Марина Мелия «Главный секрет первого года жизни»
Вот уже 30 лет я занимаюсь практической психологией и в качестве коуч-консультанта каждый день общаюсь с бизнесменами — людьми, которым удалось добиться в жизни многого. Моим клиентам приходится решать сложные задачи, рисковать, проявлять проницательность, выдерживать огромное напряжение — и обычно они оказываются на высоте. Но, как выяснилось, есть проблема, которая для многих стала почти неразрешимой.

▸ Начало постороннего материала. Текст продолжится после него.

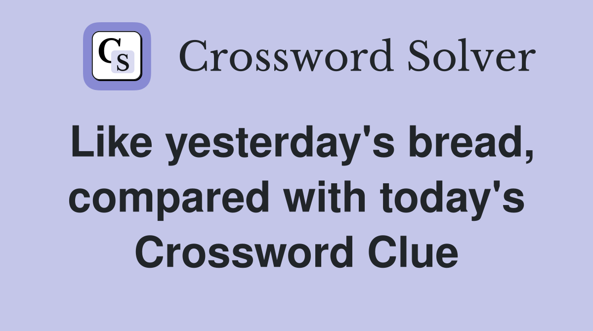 Like yesterday #39 s bread compared with today #39 s Crossword Clue Answers
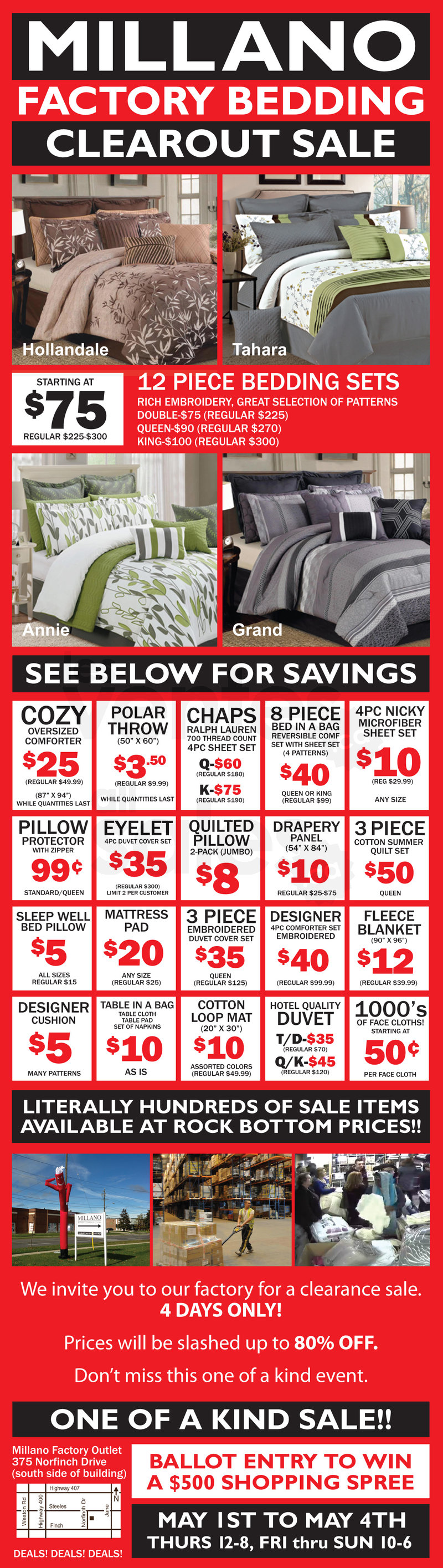 Millano Bedding Factory Clearance Sale with prices slashed up to 80% off. 4 DAYS ONLY! You will have exclusive access to hundreds of sale items not available to the public. Also, come in to fill out a ballot for a chance to win a $500 Shopping Spree.
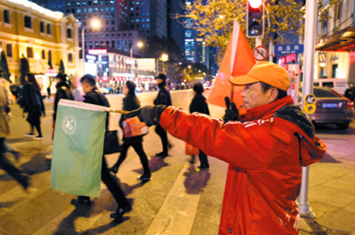 我們這些志愿者都特別看重自己的“身份”,我聽說(shuō)沙河口區(qū)志愿者管延江前陣子傷了腿,急得不得了,想趕緊養(yǎng)好傷上崗。今年開春時(shí),有一位患有腦血栓的老人過(guò)馬路行動(dòng)不便,老管幫著扶過(guò)去,走到路中間變燈了,他一揮旗子,準(zhǔn)備起步的司機(jī)忙停下車,耐心等待他把老人扶過(guò)去才發(fā)動(dòng),這讓老管他念念不忘,說(shuō)明不管司機(jī)還是路人,這些年大家素質(zhì)都提高了,越來(lái)越文明禮讓了。
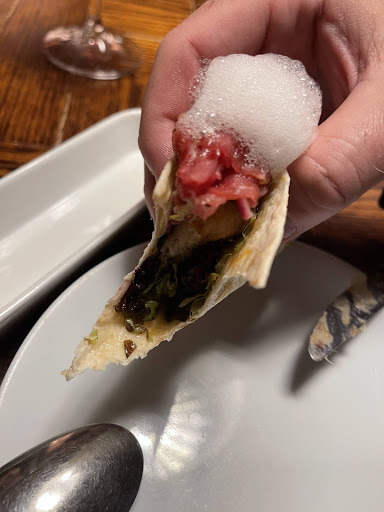 Now to las comidas, I started with the pastry of leek with foie gras. This was one of the best bites I’ve ever eaten, and I’d fly to Barcelona just to eat it. Photo below. Next, they offered me a chance to just have one unit each of the taco and the fricando sandwich. I have photographed the taco, but was too excited for the fricando sandwich to remember to take a photo. Finally, the suckling pig which was a daily special. The crispy ness of the skin is EXACTLY as you dreamt it would be, and the sweetness of the apple and sauce cuts through the richness perfectly. I left a small amount and had no room for dessert.
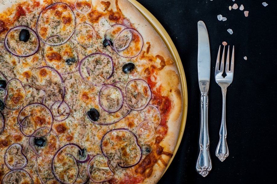 Dough, pizza sauce, mozzarella cheese, tuna, red onion, olives, dill.
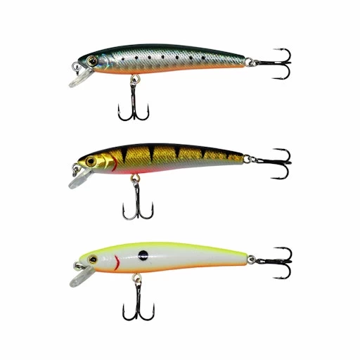 The UltraLite Jerkbait 3 Pack features three different 1/8 oz. 2.5″ Floater/Diver Series Fishing Lures.

Построившие многомиллионные компании, давшие работу тысячам людей, они нередко чувствуют себя беспомощными, когда речь заходит о собственных детях. «У меня такие возможности, я могу оплатить учебу в любом университете мира. Устроить в самую крутую компанию. А он вообще ничего не хочет!» — делится папа-бизнесмен. «Не понимаю, как с ней разговаривать. Смотрит равнодушными глазами и просто ждет, когда я закончу. У меня впечатление, что кроме денег ей от меня ничего не нужно», — вторит ему другой. «Все, что он умеет, — это гонять на машине и расплачиваться кредиткой. Иногда думаю, как он вообще выживет, если со мной что‑нибудь случится?» — делится мама. «Я надеялся, что он подхватит мой бизнес. Но кажется, ему ничего неинтересно». За всеми этими признаниями чувствуется горечь и разочарование. Ведь эти успешные люди делали для своих детей все.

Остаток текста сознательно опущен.